▼

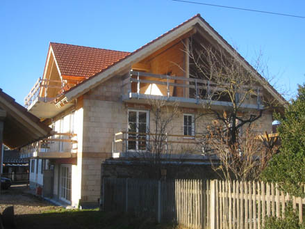 Besonderheit:Die Bauherrn lebten während der Bauzeit in Südafrika -> Kommunikation via Internet (Aufbau einer eigenen Homepage), Hochwärmedämmendes Mauerwerk, aufwändige Sichtdachstühle, Schallschutz zwischen Alt- und Neubau
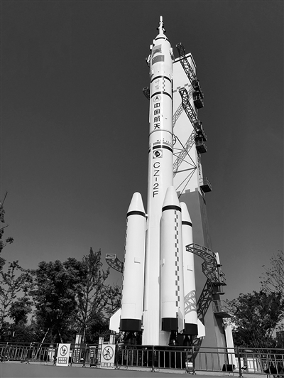 科技馆外,有一座由中国航天局建造的火箭实体模型,整个火箭实体模型重量约3.5吨,长17.346米,翼展3.19米,最大直径3.2米,推进器长4.67米,直径0.67米。该模型以“长征二号运载火箭”为原型,以1∶3的比例制作,并能真正模拟点火装置。
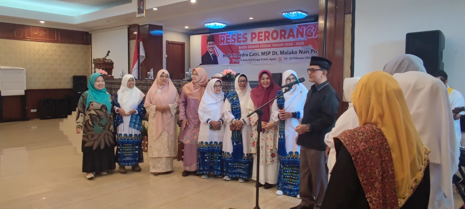 Lubukbasung, kaba12 — Suasana santai dan akrab terbangun dalam reses perseorangan masa sidang II 2025 , anggota DPRD Sumbar Dr.Ir.H. Indracatri,MSP Dt. Malako nan Putiah , di aula hotel Sakura Syariah, Lubukbasung,Sabtu,(22/2).
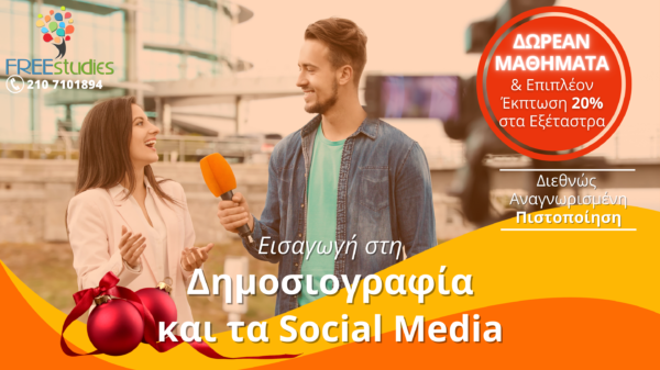 ONLINE Πιστοποιημένο Σεμινάριο: “Εισαγωγή στη Δημοσιογραφία και τα Social Media” – Η καριέρα στο χώρο της Δημοσιογραφίας και των Μέσων Κοινωνικής Δικτύωσης Ξεκινάει από εδώ!30 Νοέ 2023
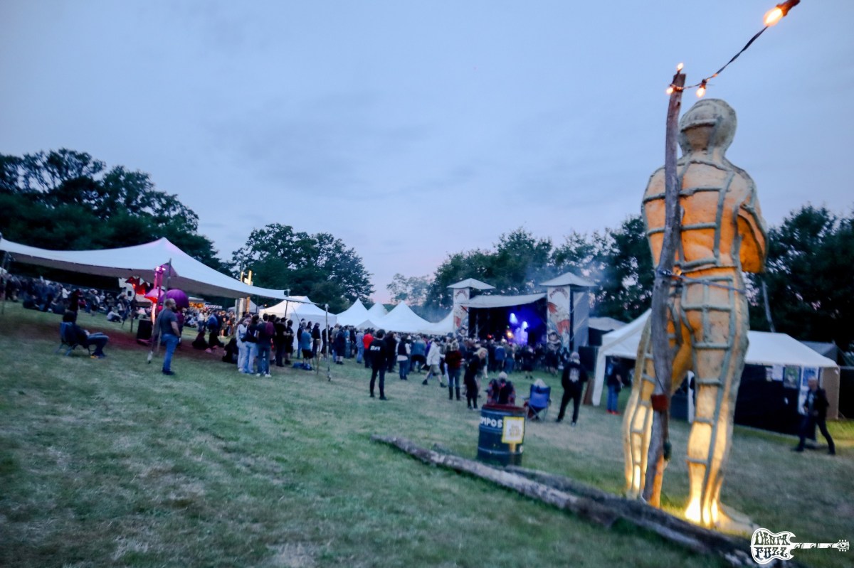 Todavía aturdido por la descomunal actuación de BRIQUEVILLE y con la lluvia complicando jornada, la hoguera empezaba a dar luz y calor a la noche. Sentados en circulo y desafiando al aguacero que por momentos estaba cayendo, el personal se quedaba extasiado ante el poder de las llamas. Las carpas habilitadas se llenaban de gente resguardándose de la lluvia mientras en el segundo escenario DOODSESKADER, el dúo con bajo y batería amenizaba la velada a los más valientes. Una banda con la que no conecté. Sus ruidosas canciones de vocación hardcore se sucedían entre proyecciones psicodélicas.
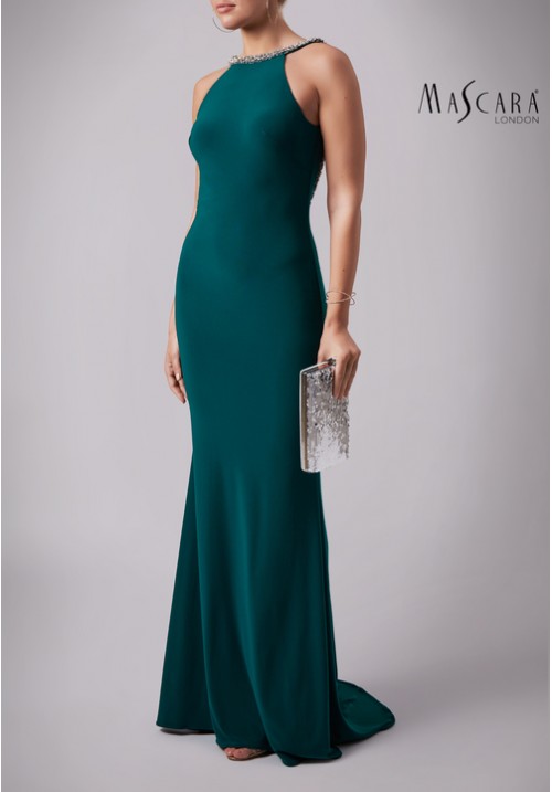 Emerald green long dress with low back
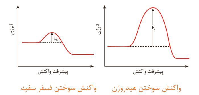 فسفر سفید برخلاف گاز هیدروژن در هوا و در دمای اتاق می سوزد. این موضوع نشان می دهد که انرژی فعال سازی واکنش سوختن فسفر سفید از انرژی فعال سازی واکنش سوختن گاز هیدروژن کم تر است.
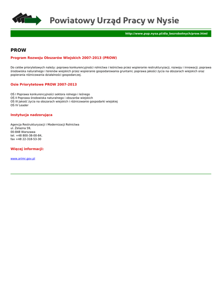 http://www.pup.nysa.pl/dla_bezrobotnych/prow.html PROW Program Rozwoju Obszarów Wiejskich 2007-2013 (PROW) Do celów priorytetowych należy: poprawa konkurencyjności rolnictwa i leśnictwa przez wspieranie restrukturyzacji, rozwoju i innowacji; poprawa środowiska naturalnego i terenów wiejskich przez wspieranie gospodarowania gruntami; poprawa jakości życia na obszarach wiejskich oraz popierania różnicowania działalności gospodarczej. Osie Priorytetowe PROW 2007-2013 OŚ I Poprawa konkurencyjności sektora rolnego i leśnego OŚ II Poprawa środowiska naturalnego i obszarów wiejskich OŚ III Jakość życia na obszarach wiejskich i różnicowanie gospodarki wiejskiej OŚ IV Leader Instytucja nadzorująca Agencja Restrukturyzacji i Modernizacji Rolnictwa ul. Żelazna 59, 00-848 Warszawa tel. +48 800-38-00-84, fax +48 22-318-53-30 Więcej informacji: www.arimr.gov.pl
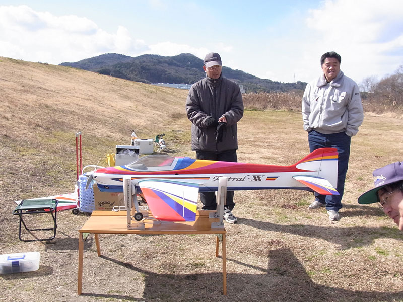 肝心のフライトは…JYALAさんが3F?、Nセンセが2F、T口さんは2F?、あとの皆さんは1F以下でした。0という方も…。まぁ、この風では飛ばし難いものがあるのは確かですね。僕は初号機で遊んでみましたがラストのオートロ時、
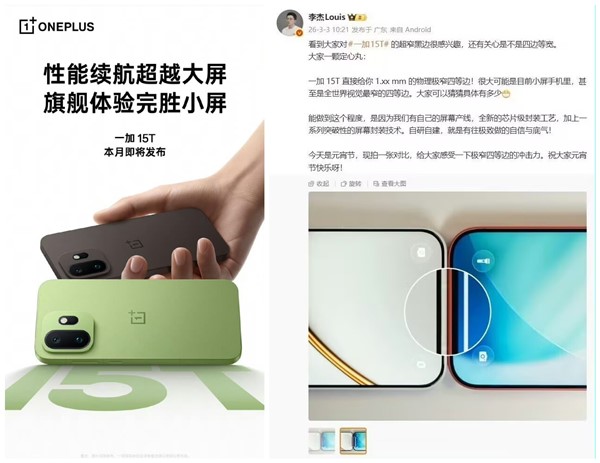 一加官方在微博宣布15T手机本月即将发布,号称新一代「小屏大魔王」,是为所有小屏党打造的“Dream Phone”。

▲

**Your objective:**
Retype each line of the data exactly, beginning with the first; include the line containing "εδώ!30 Νοέ 2023" and stop there, skipping every picture.

**Exercise output:**
 Besonderheit:Die Bauherrn lebten während der Bauzeit in Südafrika -> Kommunikation via Internet (Aufbau einer eigenen Homepage), Hochwärmedämmendes Mauerwerk, aufwändige Sichtdachstühle, Schallschutz zwischen Alt- und Neubau
 科技馆外,有一座由中国航天局建造的火箭实体模型,整个火箭实体模型重量约3.5吨,长17.346米,翼展3.19米,最大直径3.2米,推进器长4.67米,直径0.67米。该模型以“长征二号运载火箭”为原型,以1∶3的比例制作,并能真正模拟点火装置。
 Lubukbasung, kaba12 — Suasana santai dan akrab terbangun dalam reses perseorangan masa sidang II 2025 , anggota DPRD Sumbar Dr.Ir.H. Indracatri,MSP Dt. Malako nan Putiah , di aula hotel Sakura Syariah, Lubukbasung,Sabtu,(22/2).
 ONLINE Πιστοποιημένο Σεμινάριο: “Εισαγωγή στη Δημοσιογραφία και τα Social Media” – Η καριέρα στο χώρο της Δημοσιογραφίας και των Μέσων Κοινωνικής Δικτύωσης Ξεκινάει από εδώ!30 Νοέ 2023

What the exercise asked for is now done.